The development of medical technology has revolutionized healthcare in the United States, advancing patient treatment across the nation. In response to the ever-evolving use of technology in the healthcare system, the Food and Drug Administration (FDA) has enforced regulations to ensure the safety and effectiveness of products. However, according to the National Institute of Minority Health and Disparities, some medical devices may not function as represented in all patients because they were approved after testing almost solely on white people.
Until February of this year, the United States had no significant requirements for diversity in clinical trials. This has meant that clinical trials were frequently dominated by white males.

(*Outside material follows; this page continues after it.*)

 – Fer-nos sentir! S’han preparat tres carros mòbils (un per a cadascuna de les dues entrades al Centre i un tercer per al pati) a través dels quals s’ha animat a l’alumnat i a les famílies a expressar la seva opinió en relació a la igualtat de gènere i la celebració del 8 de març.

Currently, according to Dr. Asad Siddiqui at The Hospital for Sick Children, Black people represent only 5% of clinical testing participants in the U.S. As a result, Blacks are more likely to be misdiagnosed and underdiagnosed than whites, resulting in delayed medical treatment and life-threatening health complications.

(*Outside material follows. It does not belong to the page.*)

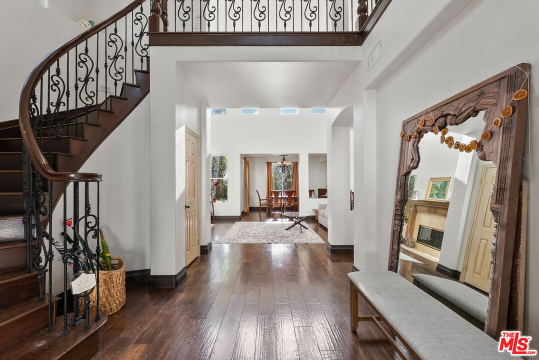 Elegant Spanish-style home tucked away behind the prestigious gates of La Vina. The charming front welcomes you with a beautiful courtyard while the backyard is an entertainer's dream, featuring a built-in gas fire pit, BBQ grill, outdoor kitchen, and patio ideal for al fresco dining, hosting friends and family, or enjoying sunset evenings. On clear days, take in stunning views all the way to Catalina. Designed for entertaining, the thoughtfully planned floor plan offers multiple indoor and outdoor gathering spaces, including a formal living room with a mantel fireplace adjacent to the formal dining room. For more relaxed living and entertaining, enjoy a chef's kitchen open to the family room, which features its own fireplace, creating warm and inviting spaces for everyday living. The chef's kitchen is beautifully appointed with granite countertops, tile flooring, a generous center island, and built-in appliances including a stove, refrigerator, microwave, and double oven, perfect for both daily living and effortless entertaining. Ideal for multi-generational living or guests, the home includes a first-floor en-suite bedroom. This flexible space can also be used as an office, additional family room, theater room, or gym the possibilities are endless. The luxurious primary suite , with a fireplace and sitting area, is located on the second floor and offers a serene retreat with expansive closets and sunset views. Additional second floor bedrooms have balconies with views of the mountains. La Vina offers resort-style amenities including a sparkling pool, playground, scenic hiking trails, and 24-hour gated security for peace of mind. The community is currently in the process of rebuilding portions affected by the Eaton Fire, with steady progress continuing and a strong commitment to full recovery.

During the pandemic, no-contact infrared thermometers largely replaced oral thermometers. Because past studies on infrared thermometers declared that pigmentation was irrelevant to the devices’ accuracy, the FDA did not require clinical trials for these devices to include dark-skinned participants.
However, multiple studies have now shown that these thermometors are not equipped to detect fevers accurately in dark-skinned patients, possibly delaying their treatment and access to care.

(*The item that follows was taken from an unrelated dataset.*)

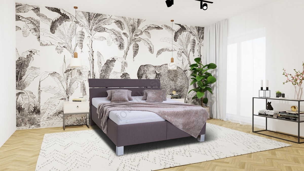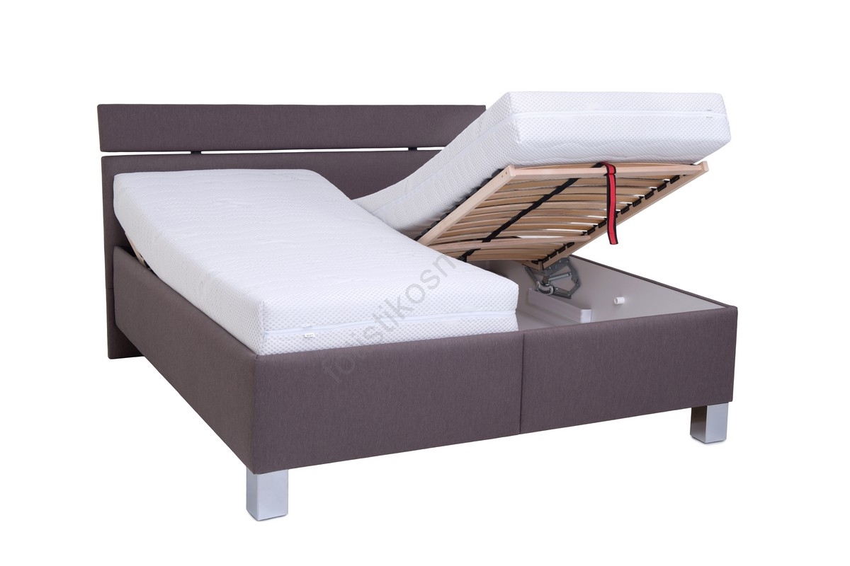 • Επενδυμένο κρεβάτι ALIS 180x200 cm με στρώμα και ενσωματωμένο χώρο αποθήκευσης, σε καφέ απόχρωση

Emory University School of Medicine analyzed the differences between Black and white patients’ oral and infrared thermometer readings, and concluded that the infrared thermometer could not detect 26% of fevers in African-Americans. There was no significant difference in the temperature readings between infrared and oral thermometer readings for white.
The FDA’s refusal to ensure the device accurately measures temperature in all patients has resulted in the underdiagnosis among Black patients of severe and sometimes lethal hypoxemia, a common complication of Covid that requires oxygen treatment.
The FDA is coming to recognize skin pigmentation’s influence on the accuracy of pulse oximeters, however, their regulations do not yet require sufficient diversity in clinical trials.
The FDA currently only requires clinical trials to contain two dark-skinned participants or 15% of the clinical pool — whichever is larger. However, the FDA does not define “darkly pigmented” skin, leaving the term up to the researchers’ interpretation. Thus, the current guidelines do not guarantee the device’s effectiveness for the wide variety of skin pigmentation found in Americans.
Medical technology is fundamental in treating and diagnosing illness, and the FDA’s negligence in clinical trials has compromised the health of many Americans.
Clinical trials must use diverse testing groups for new medical technology to ensure equitable and accurate diagnosis and treatment for all.